= William Anderson (horticulturist) =

Scottish horticulturist

William Anderson (1766–1846), was a Scottish horticulturist.

Anderson was born in Easter Warrington, Edinburgh in Scotland, his father having been, just previous to the rising of 1745, forester and gardener to a Jacobite laird in the western highlands, who had some share in favouring the escape of Charles Edward Stuart. About 1790 he entered upon gardening work in some nurseries near Edinburgh, and subsequently made his way to London, where he became gardener to James Vere, of Kensington Gore, a wealthy silk merchant who had a large collection of plants.

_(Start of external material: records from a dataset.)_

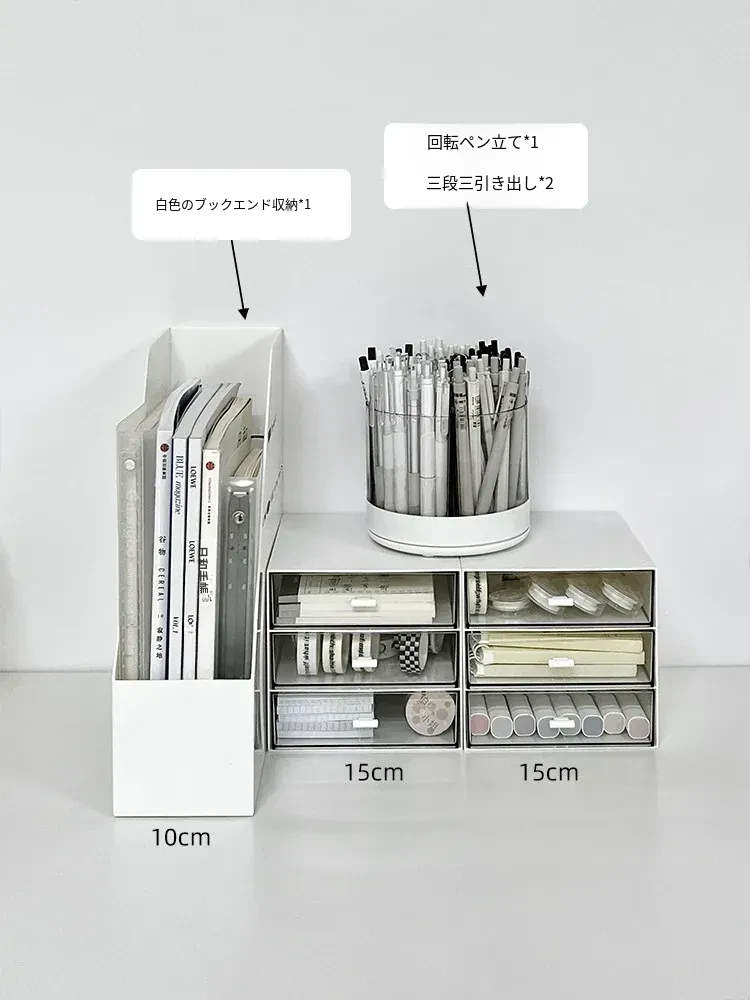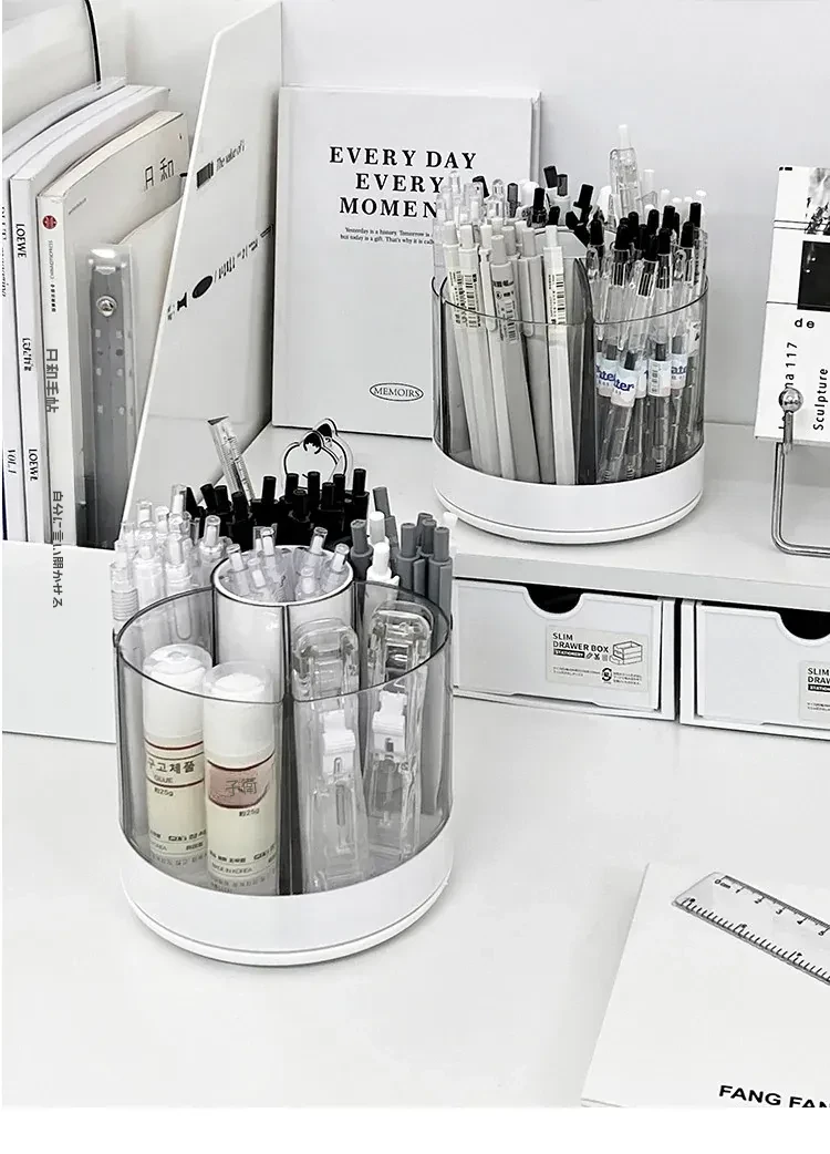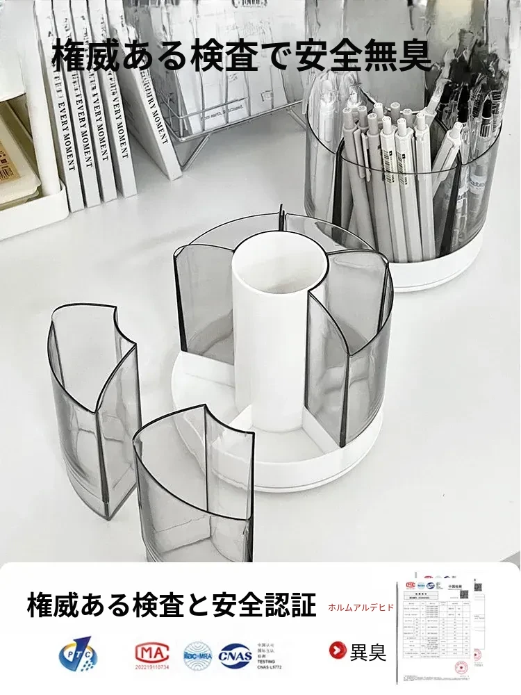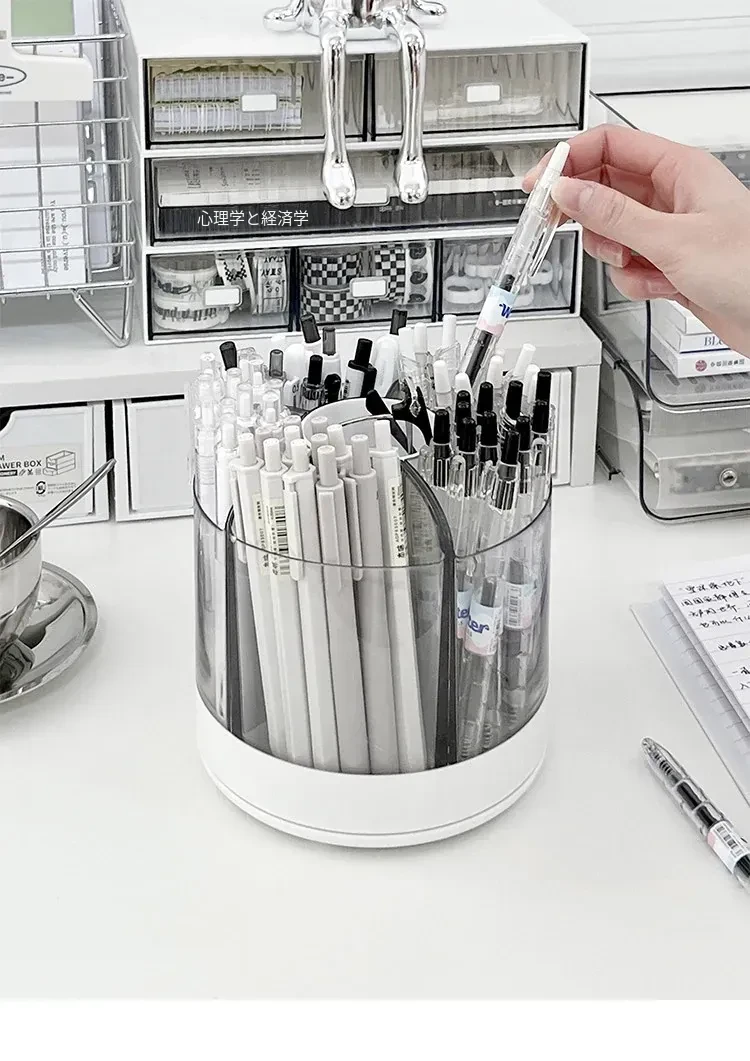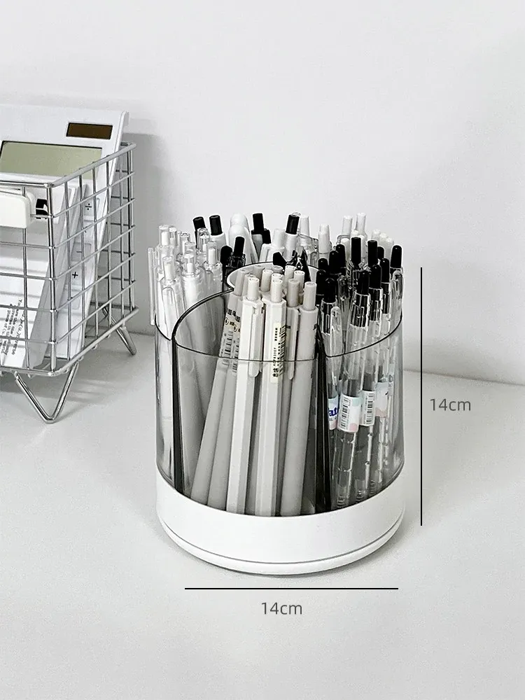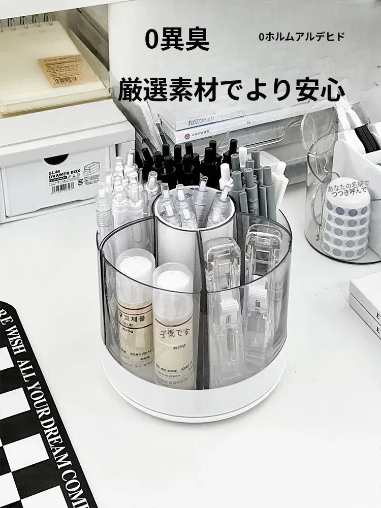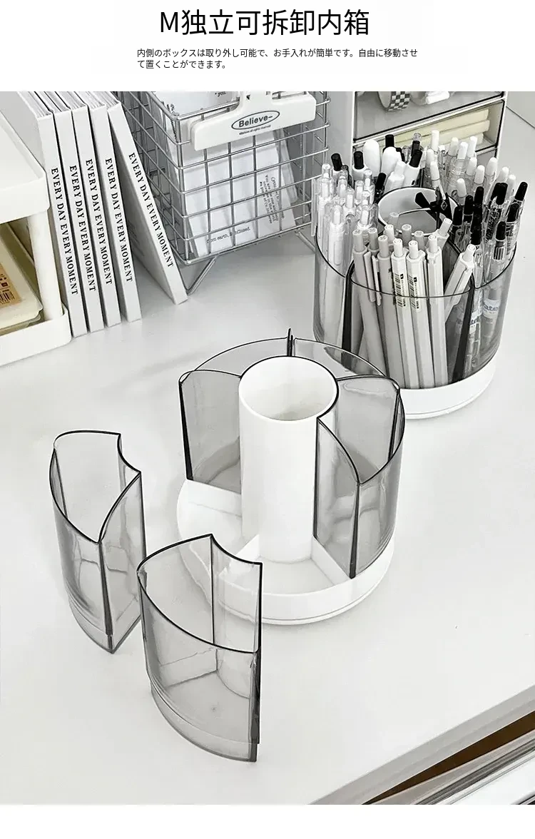 回転式ペン立て - 高級感漂うオフィスデスク用アクリル製多機能大容量文房具収納ボックス!スタイリッシュで洗練されたデザインで、あなたのデスクを美しく整え、作業効率をアップさせます。
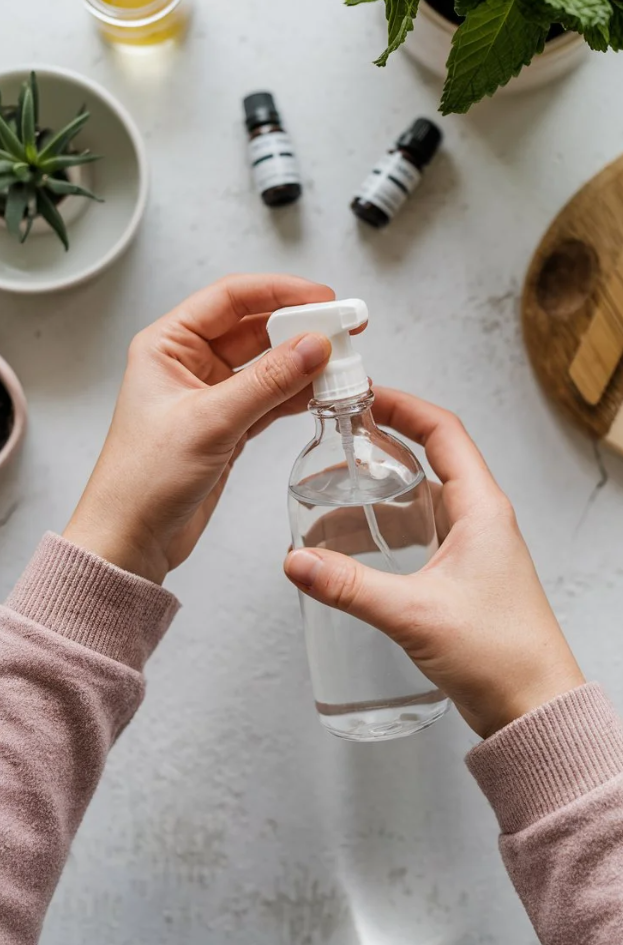 Distilled water forms the base of the spray. It’s clean, neutral, and free from minerals or odors that can come from tap water. This helps the mixture stay fresh and predictable, which matters when you’re using it on your dog regularly.
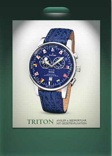 Серия Triton того же Kronsegler, также обладает всеми дизайнерскими признаками для образа "яхтсмена". Кварцевая швейцарская ISA8272 позволяет даже реализовать в этих часах некую полезность для любителей парусов в виде "усложнения" индикации приливов-отливов. Стекло, к сожалению, также минеральное, водонепроницаемость такая же символическая - 5 атм.
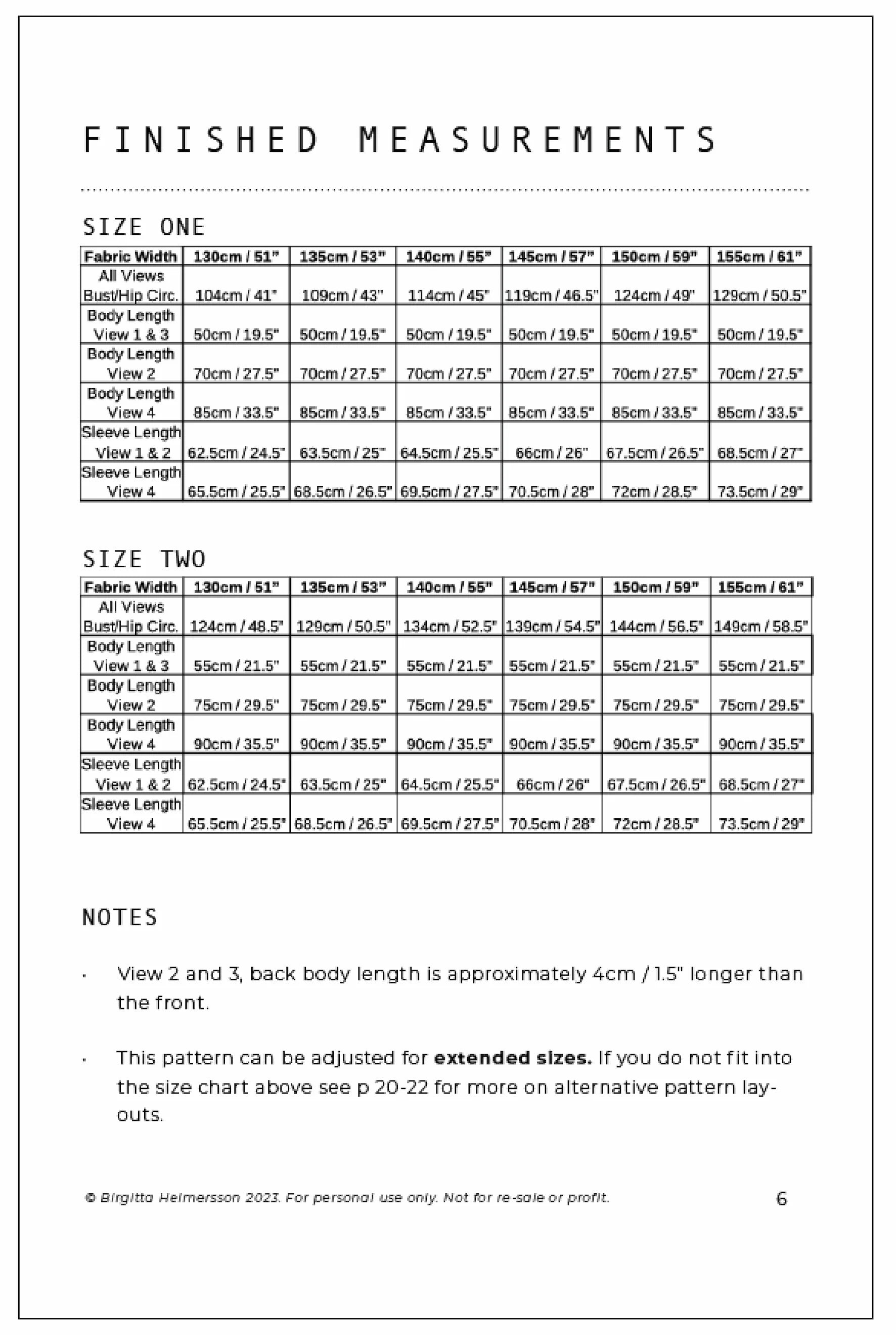 The finished width of this garment is determined by the fabric width you use. There are 2 size options for this top, a size ONE and TWO with a maximum hip size of 125cm / 53". The pattern also includes additional instructions to size up further to a 155cm / 61" hip.
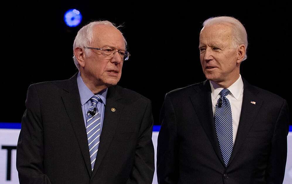 ביידן וסנדרס במהלך העימות הדמוקרטי בנבדה // צילום: איי.אף.פי // ביידן וסנדרס במהלך העימות הדמוקרטי בנבדה // צילום: איי.אף.פי
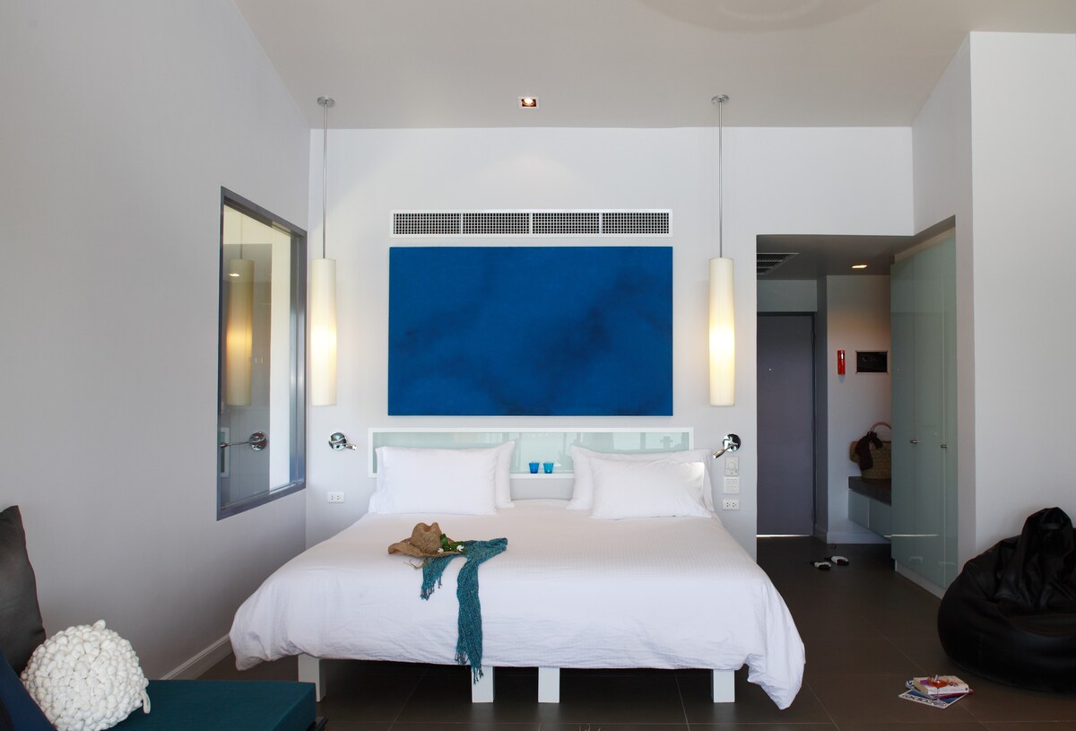 33 kv. m. Izmantojiet tempu, 1 guļamistabas bungalo, 1 "king" izmēra gultu 2 personām, daļēji atvērta privāta vannasistaba ar lietus dušu, kas atrodas tropu dārzā, privātumu atpūtai un aktivitātes baudīšanai vienlaikus. Gaisa kondicionētājs, karstais aukstais ūdens, papildērtību komplekts, ฺhalāts, fēns, ledusskapis, tējkanna, kafija, bezmaksas Wi-Fi, bezmaksas autostāvvieta Bērnu politika Mēs neiesakām 0-2 gadus vecu bērnu Papildu viesis 3-10 gadu laikā, izmantojot esošās gultas izmaksas, ir tHb 400/N, šajā istabā nevar pievienot vairāk gultu
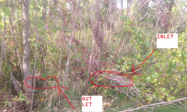 These to drain pipes where so over grown I had to take a chain saw into the thick forest to find them.
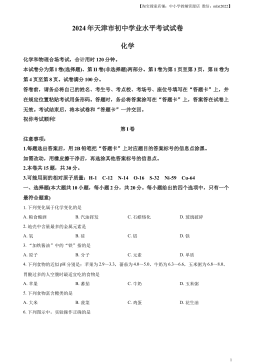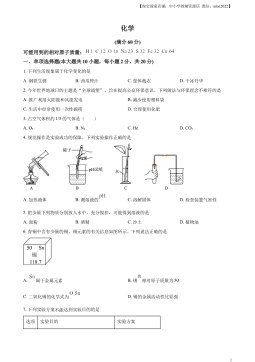 【淘宝搜索店铺:中小学教辅资源店微信:mlxt2022】[机密]2024年6月12日16:30前重庆市2024年初中学业水平暨高中招生考试化学试题(B卷)(全卷共四个大题,满分70分,与物理共用120分钟)注意事项:1.试题的答案书写在答题卡上,不得在试题卷上直接作答。2.作答前认真阅读答题卡上注意事项。3.考试结束,由监考人员将试题卷和答题卡一并收回。可能用到的相对原子质量:H1C12O16S32Ca40Fe56Cu64一、选择题(本大题包括16个小题,每小题2分,共32分)每小题只有一个选项符合题意1.制作豆腐的下列过程中,一定发生了化学变化的是A.挑选黄豆B.研磨制浆C.过滤豆渣D.燃火...
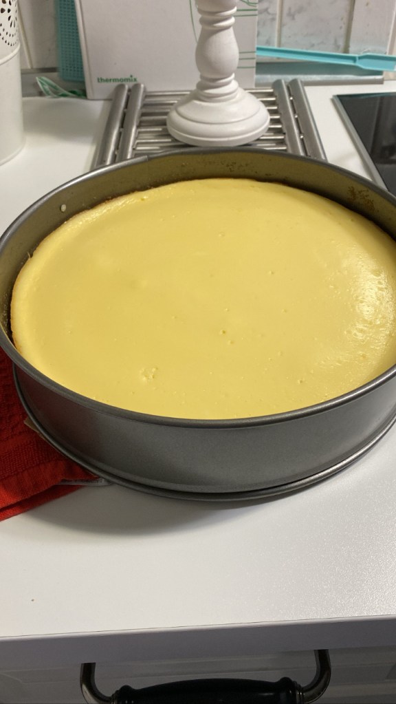 • Den Cheesecake im Ofen für 40 Minuten backen und dann den Ofen ausschalten und den Käsekuchen für 5-6 Stunden oder über Nacht bei geschlossener Ofentür auskühlen lassen. Beten!
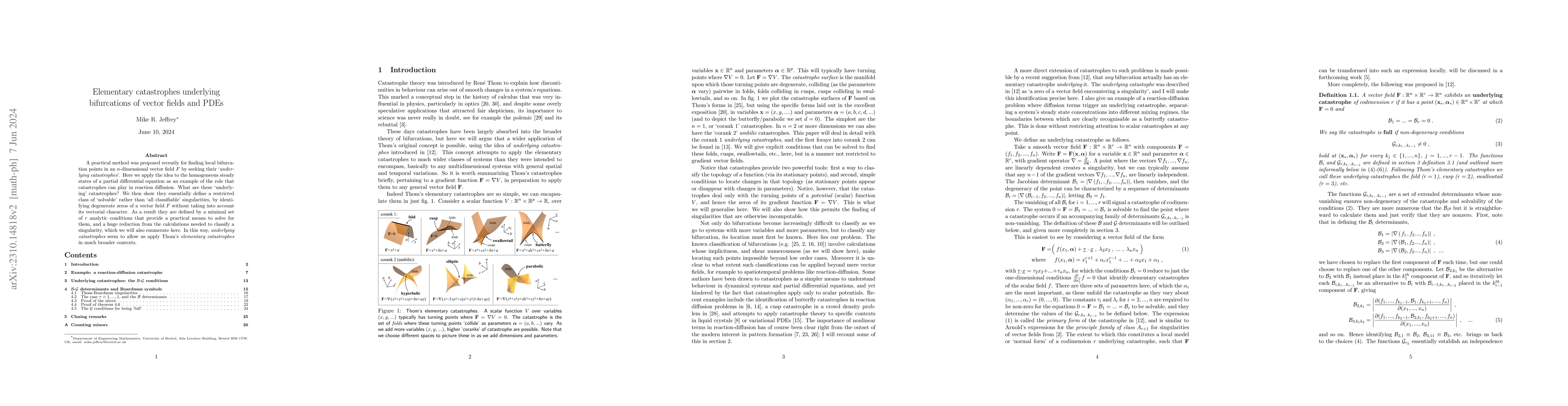 A practical method was proposed recently for finding local bifurcation points in an n-dimensional vector field F by seeking their 'underlying catastrophes'. Here we apply the idea to the homogeneous steady states of a partial differential equation as an example of the role that catastrophes can play in reaction diffusion. What are these 'underlying' catastrophes? We then show they essentially define a restricted class of 'solvable' rather than 'all classifiable' singularities, by identifying degenerate zeros of a vector field F without taking into account its vectorial character. As a result they are defined by a minimal set of r analytic conditions that provide a practical means to solve for them, and a huge reduction from the calculations needed to classify a singularity, which we will also enumerate here. In this way, underlying catastrophes seem to allow us apply Thom's elementary catastrophes in much broader contexts.

In 1814 he was appointed by the Society of Apothecaries gardener—a title changed during his occupancy of the office to curator—of their botanic garden at Chelsea, a post which he filled until his death. He at once set to work to raise the garden from the state of neglect into which it had fallen, and his efforts were attended with great success. He was said to be tall and burly, somewhat rough in manners and appearance, but warm-hearted and charitable. He was elected an associate of the Linnean Society in 1798, and became a fellow in 1815; he contributed various papers on horticultural subjects to the Gardener's Magazine and Horticultural Society's Transactions. He died at Chelsea, 6 October 1846, and is buried in the churchyard of the old church.